Task item> Leaving every picture out, please return exactly the lines from the top of the material below through the line with "钢琴谱:稳稳的幸福-小柯-伴奏谱", both included.

Information given>
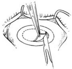 2.用显微单齿镊夹持角膜组织,可用5号圆刃刀剖切。剖切时要沿同一角膜纤维板层进行,保持均一深度(图2)。
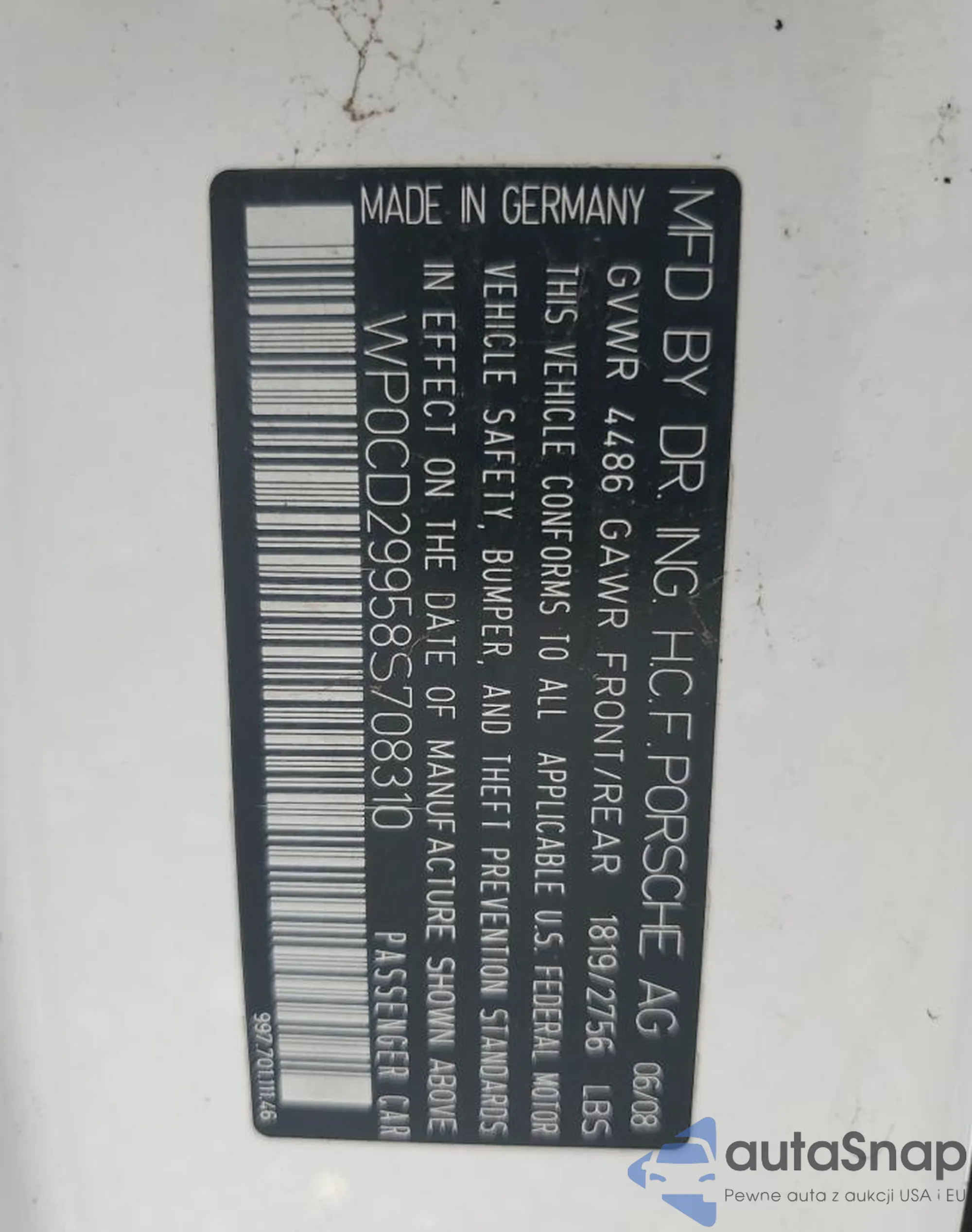 VIN: WP0CD29958S708310
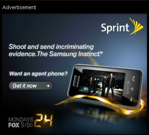 I'm back again with more Treo/Centro sightings! Palm smartphones continue to pop up on television and movies. I get a sense of pride each time I see a Palm smartphone on the small or big screen. Ah, remember when Jack Bauer on "24" used his mighty Treo in his quest to keep the U.S. safe from terrorists? Chloe would send Jack photos of suspects to his Treo. Jack could also have blueprints of buildings and GPS directions sent to his Treo. Sadly, I read in the TV Guide that Jack will be using a Samsung Instinct this season. Why Jack, why? Below is a Sprint ad I saw over to the side of the viewing screen while watching "24" online. I haven't seen Jack using an Instinct yet. So far, he's been using some sort of flip phone that I can't identify.
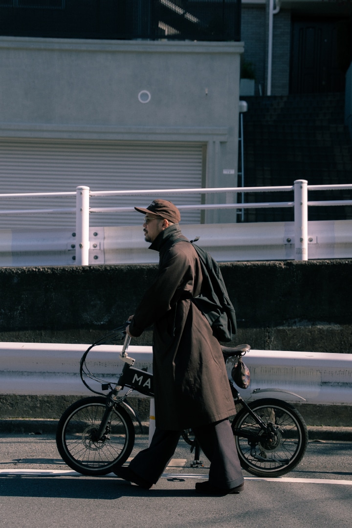 自転車移動なんですが、あえてロングコートをチョイス。
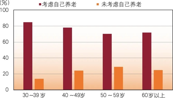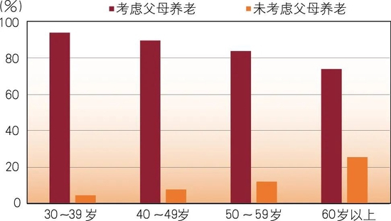 调查结果显示,从整体上看,有77.5%的受访者考虑过自己的养老问题。在父母有一方或双方健在的受访者中,有82%的受访者考虑过自己和父母的养老问题。在各个年龄阶段的受访者中,已经开始考虑自己养老问题的受访者占比均超过75%。在父母有一方或双方健在的受访者中,各个年龄阶段考虑父母养老问题的受访者占比也超过了75%(见图1、图2)。
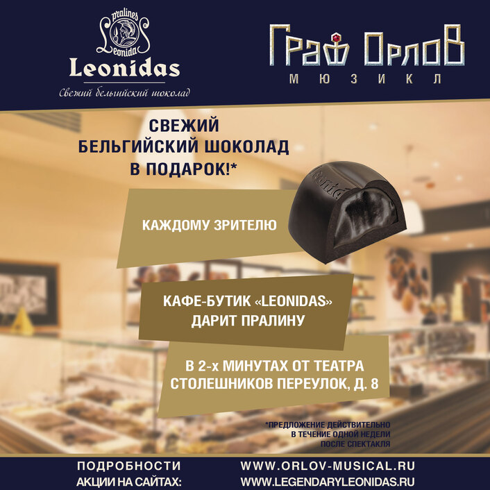 Теперь и вы вслед за королевскими особами и голливудскими звездами сможете угоститься легендарным шоколадом. Каждому пришедшему зрителю мюзикла «Граф Орлов» кафе-бутик Leonidas подарит знаменитую шоколадную пралину, причем вкусный подарок можно будет даже взять с собой в фирменной упаковке.
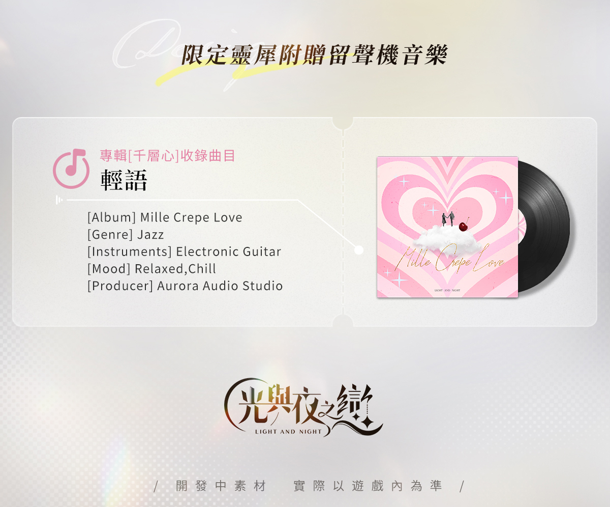 參與限時活動羈夢香遇・炙戀,獲得[6星]靈犀 蕭逸・炙戀 並達成一定培養條件後,即可在靈犀詳情介面左上角靈犀獎勵處領取附贈【限定傢俱圖紙】及【工作室留聲機音樂】。
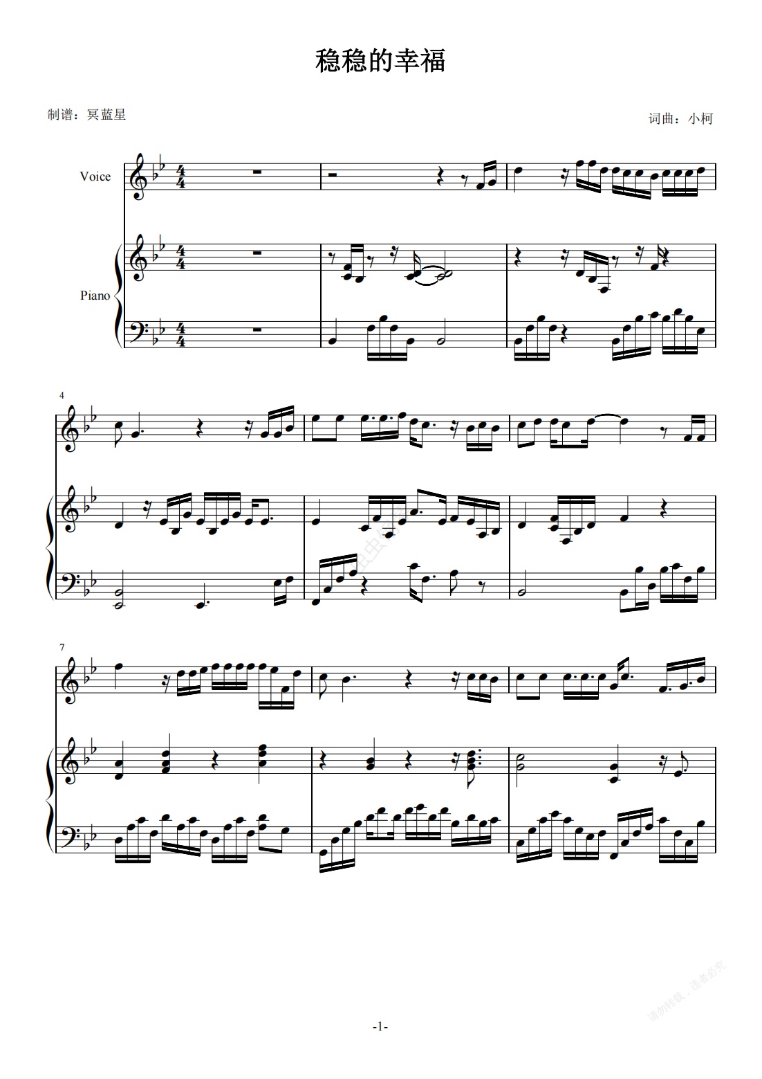 钢琴谱:稳稳的幸福-小柯-伴奏谱
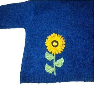 This beautiful Belle Pointe blue vintage sweater is a must-have for any wardrobe! Made from a cozy blend of 42% acrylic, 41% wool, and 17% polyester, this sweater is perfect for chilly days. It features lovely 3D sunflower embellishments and has six fabric-covered buttons, adding a touch of elegance. This sweater is in excellent condition with no visible signs of wear or tear.
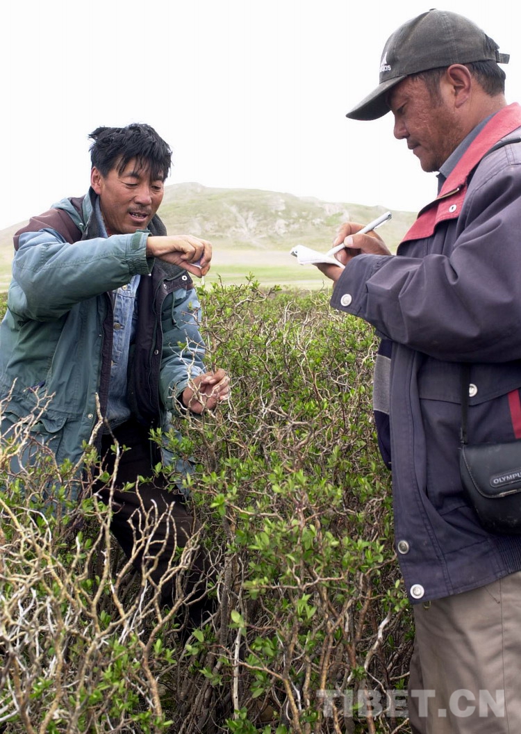 這是西藏大學(xué)化生地系副教授次仁(左)與同伴在西藏申扎縣科考中,對(duì)新發(fā)現(xiàn)的大片山柳灌木叢進(jìn)行測(cè)量(唐召明2001年攝)
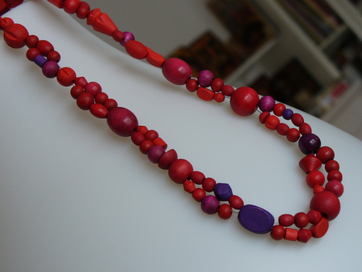náhrdelník z dřevěných korálků (52 cm) navlečených na dvou splétaných lankách
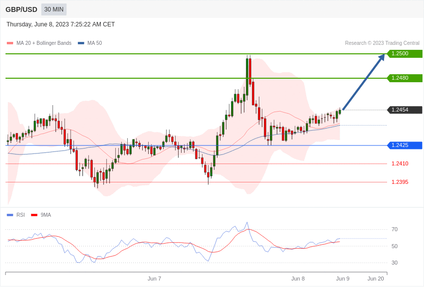 Preferovaný scénář: Dlouhé (long) pozice nad 1,2425 s cílem na 1,2480 a dále pak až na 1,2500.

Result>
 2.用显微单齿镊夹持角膜组织,可用5号圆刃刀剖切。剖切时要沿同一角膜纤维板层进行,保持均一深度(图2)。
 VIN: WP0CD29958S708310
 I'm back again with more Treo/Centro sightings! Palm smartphones continue to pop up on television and movies. I get a sense of pride each time I see a Palm smartphone on the small or big screen. Ah, remember when Jack Bauer on "24" used his mighty Treo in his quest to keep the U.S. safe from terrorists? Chloe would send Jack photos of suspects to his Treo. Jack could also have blueprints of buildings and GPS directions sent to his Treo. Sadly, I read in the TV Guide that Jack will be using a Samsung Instinct this season. Why Jack, why? Below is a Sprint ad I saw over to the side of the viewing screen while watching "24" online. I haven't seen Jack using an Instinct yet. So far, he's been using some sort of flip phone that I can't identify.
 自転車移動なんですが、あえてロングコートをチョイス。
 调查结果显示,从整体上看,有77.5%的受访者考虑过自己的养老问题。在父母有一方或双方健在的受访者中,有82%的受访者考虑过自己和父母的养老问题。在各个年龄阶段的受访者中,已经开始考虑自己养老问题的受访者占比均超过75%。在父母有一方或双方健在的受访者中,各个年龄阶段考虑父母养老问题的受访者占比也超过了75%(见图1、图2)。
 Теперь и вы вслед за королевскими особами и голливудскими звездами сможете угоститься легендарным шоколадом. Каждому пришедшему зрителю мюзикла «Граф Орлов» кафе-бутик Leonidas подарит знаменитую шоколадную пралину, причем вкусный подарок можно будет даже взять с собой в фирменной упаковке.
 參與限時活動羈夢香遇・炙戀,獲得[6星]靈犀 蕭逸・炙戀 並達成一定培養條件後,即可在靈犀詳情介面左上角靈犀獎勵處領取附贈【限定傢俱圖紙】及【工作室留聲機音樂】。
 钢琴谱:稳稳的幸福-小柯-伴奏谱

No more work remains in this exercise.